3. THE VERDICT: Exchange rates of key trading partners (KRW, TWD, CNY, JPY) are crucial for trade rebalancing, suggesting they are currently undervalued and may need to appreciate.
19:10
Jan 22
Jan 22
1. THE FACT: China's export-dependent economy is a real global problem.
2. THE BRIDGE: An export-dependent economy often implies a currency that is kept relatively weak to maintain export competitiveness. If this is a "real global problem," it suggests that other nations may push for a stronger CNY to rebalance trade.
3. THE VERDICT: China's export-dependent economy, seen as a global problem, implies an artificially weak CNY that may face pressure to appreciate.
19:08
Jan 22
Jan 22
1. THE FACT: China's global trade surplus is at record levels, with 1.5 pp of growth from net exports. Import volume growth has been near zero. Chinese state banks bought $100B in a month to resist currency appreciation.
2. THE BRIDGE: China's massive trade surplus and active intervention by state banks to prevent CNY appreciation indicate a deliberate effort to keep the currency undervalued to support exports. This artificial suppression suggests the CNY is fundamentally stronger than its current market rate.
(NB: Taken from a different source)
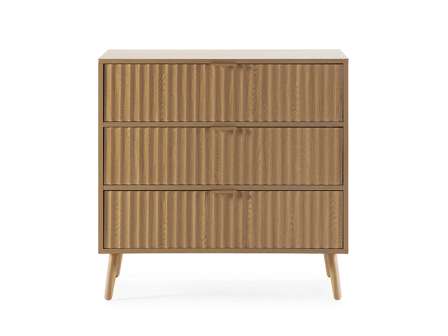 Commode de niut Santi 3 tiroirs couleur chêne, 77 cm largeur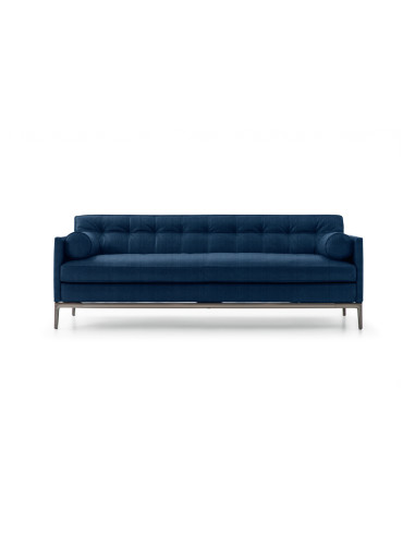 Le canapé Volage EX-S de Cassina se présente avec une esthétique classique caractérisée par un capitonné sans bouton central et par des lignes simples et régulières. L'assise avec coussin unique, soutenue par des traverses en profilé d'aluminium extrudé dans diverses finitions, offre un rembourrage extrêmement doux pour garantir une sensation de confort absolu. L'attention aux détails se voit particulièrement dans les coutures visibles sur le périmètre des coussins et dans le travail du cuir des tables intégrées. Grâce à un large choix de canapés linéaires et de modules modulables, le canapé Volage EX-S s'adapte à tous les types de décoration. Le revêtement est disponible dans une sélection de cuirs et de tissus de la collection Cassina.

3. THE VERDICT: The CNY is being artificially suppressed by state intervention despite a record trade surplus, indicating it is undervalued and could face appreciation pressure if intervention ceases or global pressure mounts.
05:22
Jan 22
Jan 22
1. THE FACT: The US trade deficit will not close if KRW, TWD, CNY, and JPY remain at current levels. Policy inconsistencies need to be sorted.
2. THE BRIDGE: The current levels of these currencies are contributing to the US trade deficit, implying they are undervalued relative to what would be needed for deficit reduction. This suggests a future appreciation is necessary, or that their current undervaluation is unsustainable in the long run.
3. THE VERDICT: These Asian currencies are likely undervalued and may face pressure to appreciate, making them potential short candidates if one believes their current levels are unsustainable given global trade imbalances.
About CNY Analyst Coverage
Buzzberg tracks CNY (Chinese Yuan) across 6 sources. 24 bullish vs 11 bearish calls from 14 analysts. Sentiment: predominantly bullish (32%). 40 total trade ideas tracked.